From Fig. 1, we first upsampled (4 × 4) and interpolated MS image to obtain the LRMS image whose size same to the corresponding PAN iamge. Second, we apply IHS transformation to obtain the \(I\) component of the LRMS image. Third, we normalize the PAN image and the \(I\) component of the LRMS image to obtain the prior probability of the occurrence of the natural state LRMS and PAN image. Furth, we consider the intensity variation of a single pixel causes spectral variation in its neighbouring pixels, and divide the PAN image and the \(I\) component of the LRMS image into V patches with a sliding-window technique, and calculate the conditional probability that the result is exactly the class of the fused \(I\) component \({\overline{\mathbf{Z}}}\) based on \(y_{v}^{pan}\) and \(y_{v}^{I}\). Fifth, we calculate the probabilities that the pixels in PAN image or the \(I\) component of LRMS image is selected based on Bayesian formula, and select the pixels with high probability to constitute the new component \(I^{new}\). Therefore, three categories of probabilities including prior, conditional and posterior probabilities are calculated after an intensity-hue-saturation (IHS) transformation on LRMS image. Finally, we replace \(I\) with \(I^{new}\), and obtain FMS (fused image) by IHS Inverse Transform. The detailed information for the proposed method can be described in detail below.

Observation model

Let observed PAN image with size of \(m \times n\) is arranged as a matrix \({\mathbf{PAN}}{ = }\left[ {\left( {x_{1,1} ,x_{1,2} , \ldots x_{1,n} } \right),\left( {x_{2,1} ,x_{2,2} , \ldots x_{2,n} } \right), \ldots ,\left( {x_{m,1} ,x_{m,2} , \ldots x_{m,n} } \right)} \right]\) where \(x_{m,n}\) is the value of the pixel at location \((m,n)\).
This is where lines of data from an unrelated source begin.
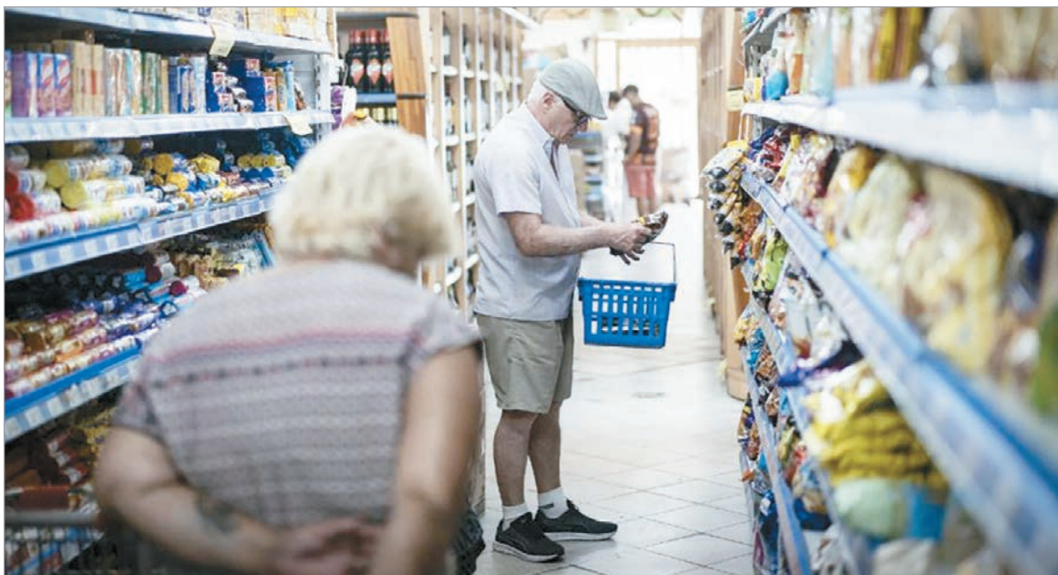
Analistas pronostican una inflación de entre 2,4% y 2,6%

El Indec dará a conocer el primer IPC del año, en medio del escándalo por su medición y una enorme suba en alimentos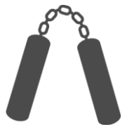
殺傷性のあるもの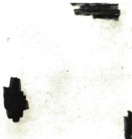
Encre. 1923. Collection Hans Hartung.

Analogously, \({\mathbf{MS}} = [{\mathbf{Q}}_{1}^{{}} ,{\mathbf{Q}}_{2}^{{}} ,...{\mathbf{Q}}_{k}^{{}} ]\) denotes the observed MS image, where \({\mathbf{Y}}_{k}^{{}} = \left[ {\left( {q_{1,1}^{k} ,q_{1,2}^{k} , \ldots q_{1,n^{\prime}}^{k} } \right),\left( {q_{2,1}^{k} ,q_{2,1}^{k} , \ldots q_{2,n^{\prime}}^{k} } \right), \ldots ,\left( {q_{m^{\prime},1}^{k} ,q_{m^{\prime},1}^{k} , \ldots ,q_{m^{\prime},n^{\prime}}^{k} } \right)} \right]\) is the observed kth MS band with size of \(m{\prime} \times n{\prime}\). Correspondingly, HRMS image is defined as \({\mathbf{HRMS}} = [{\mathbf{F}}_{1}^{{}} ,{\mathbf{F}}_{2}^{{}} , \ldots {\mathbf{F}}_{k}^{{}} ]\) where \({\mathbf{F}}_{k}^{{}} = \left[ {\left( {f_{1,1}^{k} ,f_{1,2}^{k} , \ldots f_{1,n}^{k} } \right),\left( {f_{2,1}^{k} ,f_{2,1}^{k} , \ldots f_{2,n}^{k} } \right), \ldots ,\left( {f_{m,1}^{k} ,f_{m,1}^{k} , \ldots ,f_{m,n}^{k} } \right)} \right]\) is the kth HRMS band with size of \(m \times n\). Generally, there exists a linear relationship between \({\mathbf{PAN}}\), \({\mathbf{LRMS}}\) and \({\mathbf{HRMS}}\) 19, which expressed as follows:

$${\mathbf{MS}}{ = }\phi {\mathbf{HRMS}}{ + }u$$
(2)
$${\mathbf{PAN}}{ = }\varphi {\mathbf{HRMS}}{ + }\tau$$
(3)

where \(\phi\) is an operation of low pass filtering or downsampling, \(u\) and \(\tau\) are noises, \(\varphi\) is a sparse matrix, each of which is a spectral response function reflecting the spectrum relationship between PAN and MS images.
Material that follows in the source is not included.